En Guanajuato, solo 4 de cada 10 mujeres participan en el mercado laboral, una brecha que refleja las desigualdades persistentes en el acceso al empleo y la actividad económica.
De acuerdo con la Encuesta Nacional de Ocupación y Empleo (ENOE) correspondiente al cuarto trimestre de 2025, a nivel nacional la tasa de participación económica femenina es de 45.7%, frente a 74.5% en el caso de los hombres, una diferencia cercana a los 29 puntos porcentuales.
Esto significa que, mientras casi tres de cada cuatro hombres están insertos en el mercado laboral, ya sea ocupados o en búsqueda activa de empleo, menos de la mitad de las mujeres forman parte de la población económicamente activa.
En Guanajuato, la tasa de participación total se ubicó en 59.4%, con una subocupación de 9.4% y una informalidad laboral de 53.8%, indicadores que muestran presión en la calidad del empleo y que impactan de manera diferenciada a mujeres y hombres.
Brecha estructural y formas de violencia
La menor participación femenina suele estar asociada a factores como carga de cuidados no remunerados, empleo informal y barreras de acceso a oportunidades laborales formales.

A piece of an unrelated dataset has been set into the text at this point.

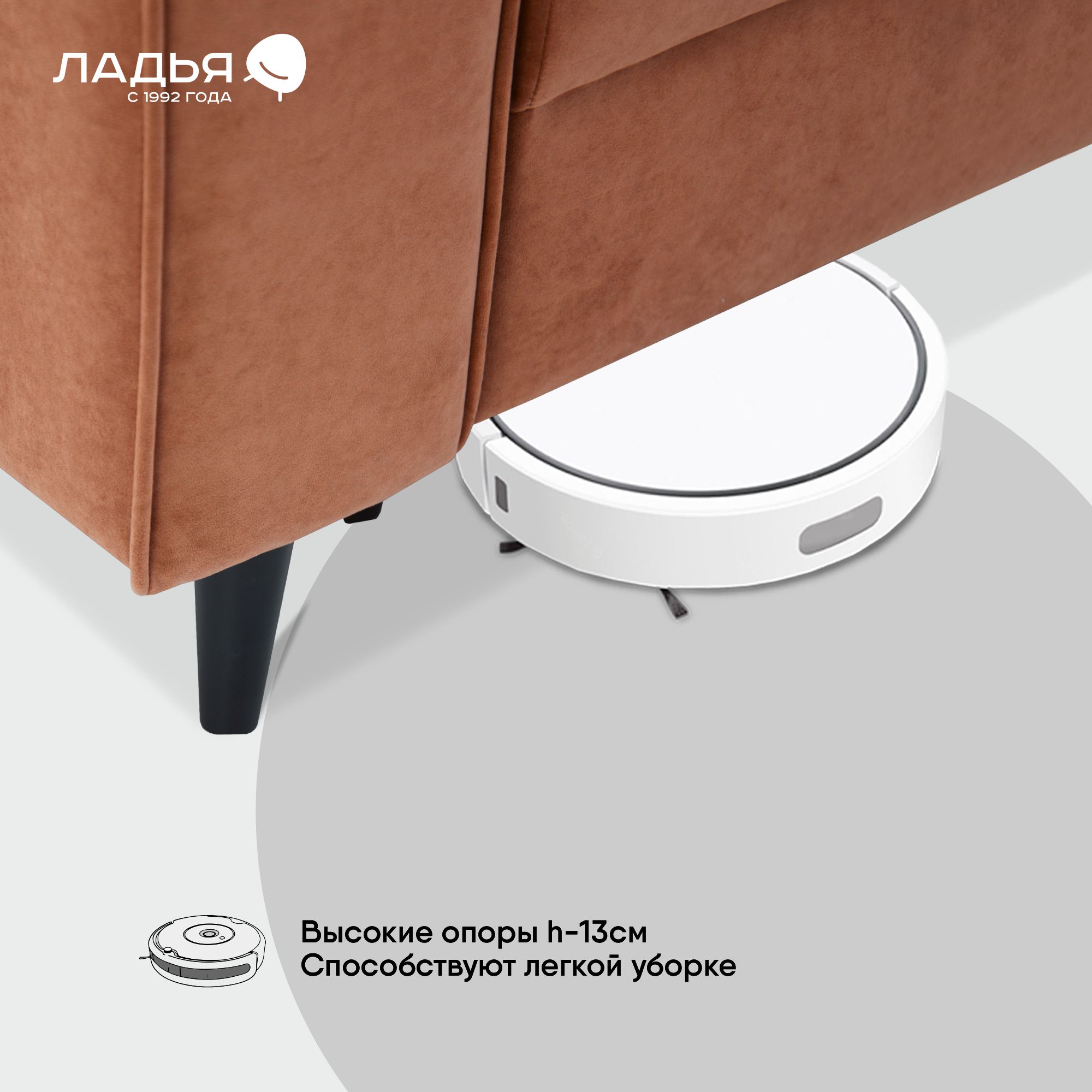 Опоры дивана выполнены из массива натурального дерева с лакокрасочным покрытием. Благодаря высоким опорам Вы с легкостью сможете провести уборку.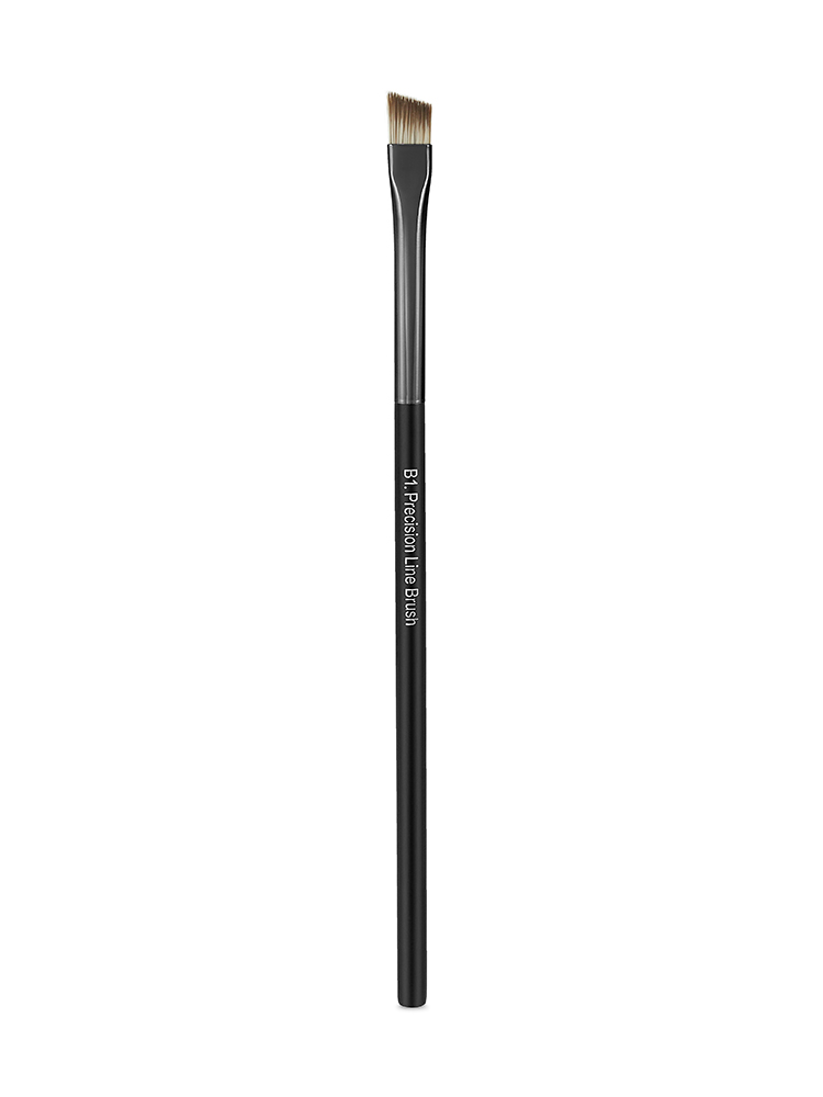 B1. Precision Line Brush: Ultra-thin angled shape with a precise tip to create fine strokes using powders or creams. B2. Angled Definer Brush: Short and wide angled brush to outline and define brows with powders or creams.

El 25 de febrero se conmemora el Día Naranja, una jornada mensual impulsada por la campaña ÚNETE de la Organización de las Naciones Unidas para generar conciencia, prevenir y actuar contra la violencia hacia mujeres y niñas.
La fecha busca visibilizar el problema de manera permanente y promover acciones institucionales y sociales para erradicar la violencia de género.
Aunque el Día Naranja está enfocado en la prevención de la violencia, especialistas han señalado que la autonomía económica y la participación laboral forman parte de las condiciones estructurales que influyen en la vida y oportunidades de las mujeres.
El contraste evidencia que, pese al dinamismo económico del estado, la integración plena de las mujeres al mercado laboral sigue siendo un reto pendiente.